Fourth Sunday of Advent
“He shall be peace.” (Malachi 5:4) With these words the prophet sums up the person of the Messiah who is promised to the people who await His coming. There are many things which God promises about the Messiah through the prophets; prophecies which we have heard proclaimed throughout Advent. The characteristics of his birth, his maturing, and again and again what the Messiah will do for His people and indeed for the whole of creation. And today, the prophecy we hear goes even further. Malachi tells us who the Messiah is: “He shall be peace.”

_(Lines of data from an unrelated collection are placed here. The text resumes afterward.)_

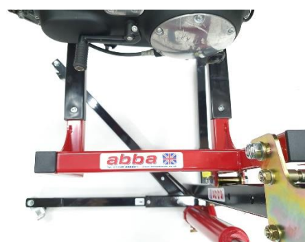
Wrong Position: Lift too far out.

When lowering the bike ensure nothing will come into contact with the lift or bike (Do not leave anything under lift!) – Lower down slowly until the bike wheels touch the ground and slide lift out from under bike.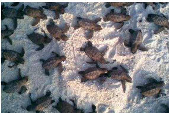
Sea turtle hatchlings

All participants are expected to fulfil certain requirements. Work is extremely demanding, both at a physical and mental level, and these requirements are just to ensure you bring the right expectations and enjoy your experience in Boa Vista.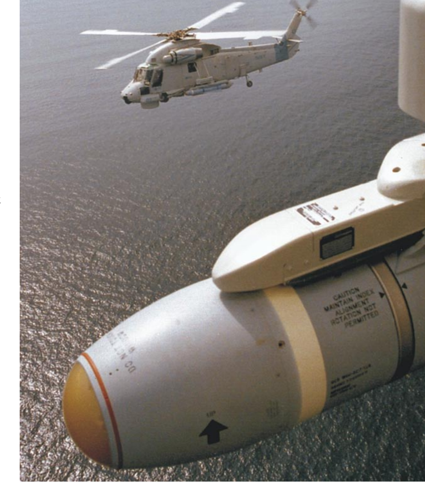
This Royal New Zealand SH-2G can carry an array of weaponry, including Maverick missiles, shown above.

Peace incarnate. Certainly in a world with so many conflicts between nations, between peoples, with tensions of so many kinds seeping into families and friendships, certainly in such a world there is a desperate need for peace. Certainly there is a desperate need for such a Messiah. Yet, what will open my heart to realize my need for this peace? What will open my eyes to see Christ as the one whom I desire and the one whose coming will give me joy in the place of longing?

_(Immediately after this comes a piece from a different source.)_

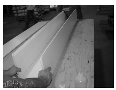
6) Assemble three panels, using E-Z Lock joints.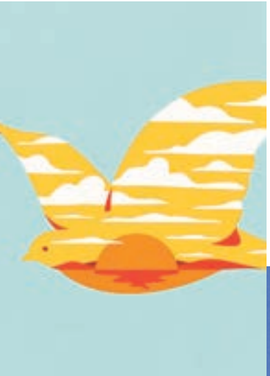
Spirituality and Inner Life $302,500

Today, in the few days remaining before Christmas, let us take a moment of silence to lift our unsettled hearts and lives and world up to the Lord. In silence, perhaps also in the sacrament of confession, let us offer our arguments and battles and angers and grudges to the Messiah who has been promised us, to Peace incarnate. Let us ask for the grace to watch eagerly for His coming, so that he may receive us, that He may receive all our need for Him, and that we may receive this One who so desires to give us His peace.